(Collected data)

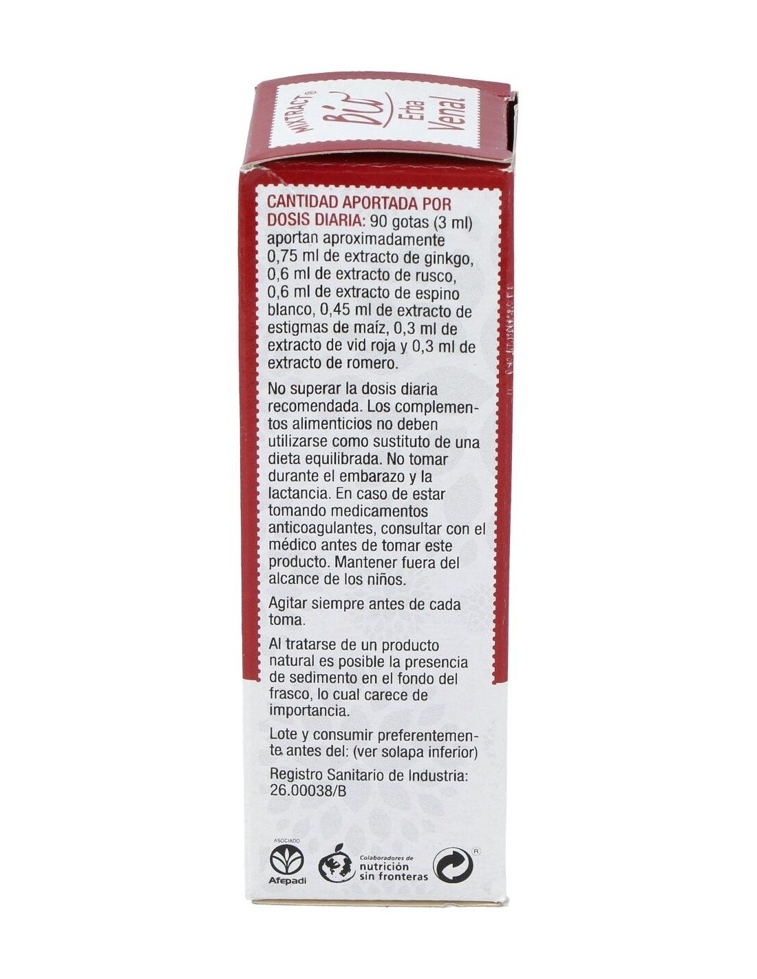 0,75 ml de extracto de ginkgo, 0,6 ml de extracto de rusco, 0,6 ml de extracto de espino blanco, 0,45 ml de extracto de estigmas de maíz, 0,3 ml de extracto de vid roja y 0,3 ml de extracto de romero.
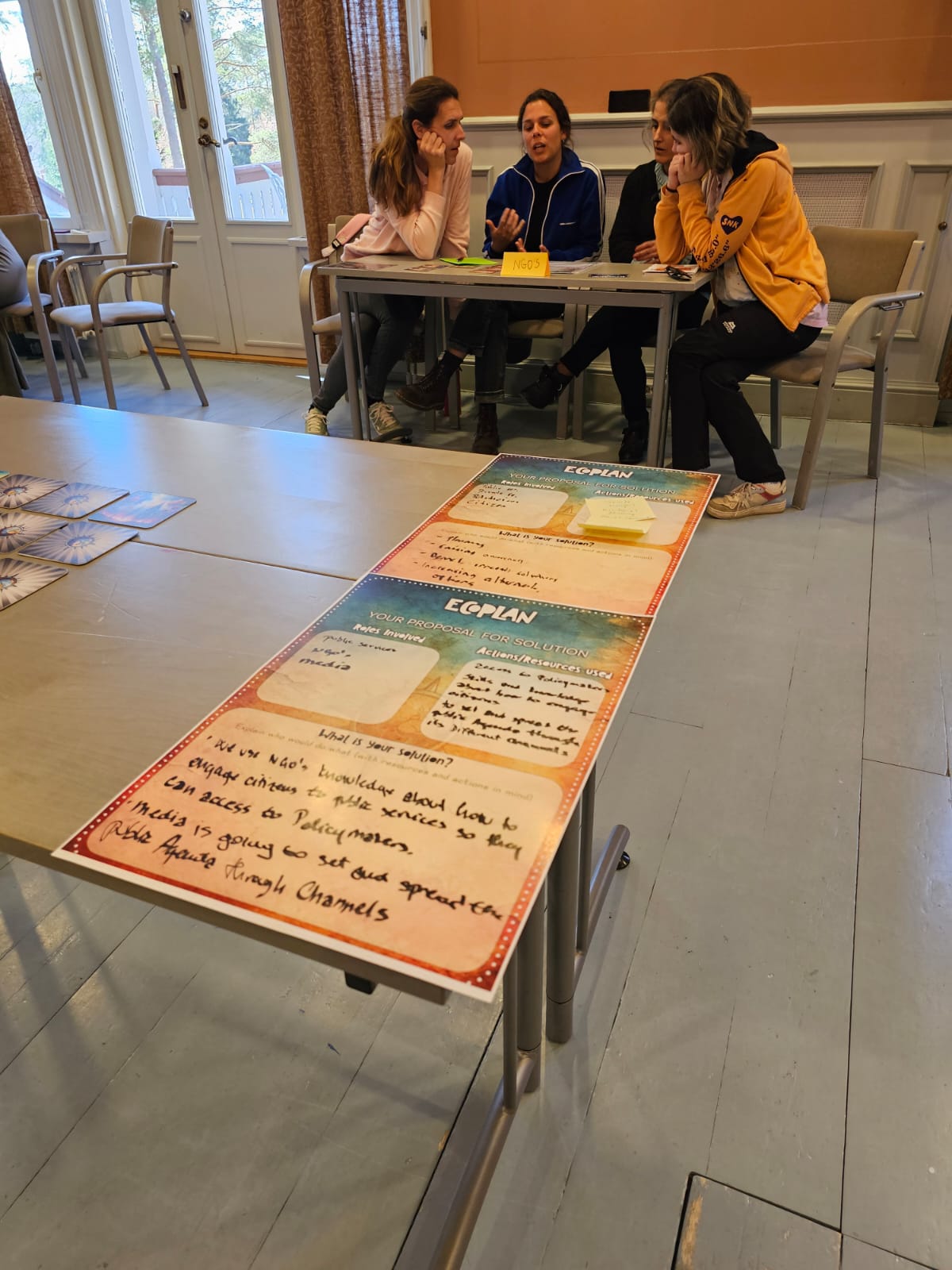 Oba puta sudjelovalo je između 20 i 30 sudionika, podijeljenih u podskupine koje su predstavljale različite aktere u društvu poput građana, političara, medija, javnih službi, privatnog sektora i nevladinih udruga. Ja sam prvi put bila u ulozi građana, a drugi u ulozi nevladinih organizacija. Svaka grupa je na početku dobila opis svoje uloge u društvu kao i popis svojih odgovornosti i resursa, što je olakšalo utjelovljenje dodijeljene nam uloge. Suočili smo se s rješavanjem raznih konkretnih problema kao što su onečišćenje oceana mikroplastikom, nedostatak zelenih površina u urbanim područjima ili štetni utjecaji industrije brze mode.
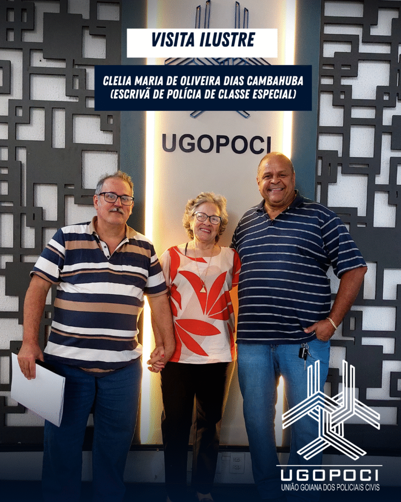 VISITA ILUSTRE | Na manhã desta segunda-feira, 25, a diretoria da Ugopoci recebeu a visita ilustre da associada Clélia Maria de Oliveira Dias Cambahuba, escrivã de polícia de classe especial aposentada, acompanhada de seu esposo Márcio Cambahuba, delegado do Mato Grosso. Ambos foram recebidos na sede, com muito carinho, pelo diretor administrativo da Ugopoci, Mircinon Júnior. Sejam sempre bem-vindos!

(End Collected data)

◆ **Try it**
Repeat the listing above verbatim, but exclude the pictures it contains.

◆ **Solution to the problem**
 0,75 ml de extracto de ginkgo, 0,6 ml de extracto de rusco, 0,6 ml de extracto de espino blanco, 0,45 ml de extracto de estigmas de maíz, 0,3 ml de extracto de vid roja y 0,3 ml de extracto de romero.
 Oba puta sudjelovalo je između 20 i 30 sudionika, podijeljenih u podskupine koje su predstavljale različite aktere u društvu poput građana, političara, medija, javnih službi, privatnog sektora i nevladinih udruga. Ja sam prvi put bila u ulozi građana, a drugi u ulozi nevladinih organizacija. Svaka grupa je na početku dobila opis svoje uloge u društvu kao i popis svojih odgovornosti i resursa, što je olakšalo utjelovljenje dodijeljene nam uloge. Suočili smo se s rješavanjem raznih konkretnih problema kao što su onečišćenje oceana mikroplastikom, nedostatak zelenih površina u urbanim područjima ili štetni utjecaji industrije brze mode.
 VISITA ILUSTRE | Na manhã desta segunda-feira, 25, a diretoria da Ugopoci recebeu a visita ilustre da associada Clélia Maria de Oliveira Dias Cambahuba, escrivã de polícia de classe especial aposentada, acompanhada de seu esposo Márcio Cambahuba, delegado do Mato Grosso. Ambos foram recebidos na sede, com muito carinho, pelo diretor administrativo da Ugopoci, Mircinon Júnior. Sejam sempre bem-vindos!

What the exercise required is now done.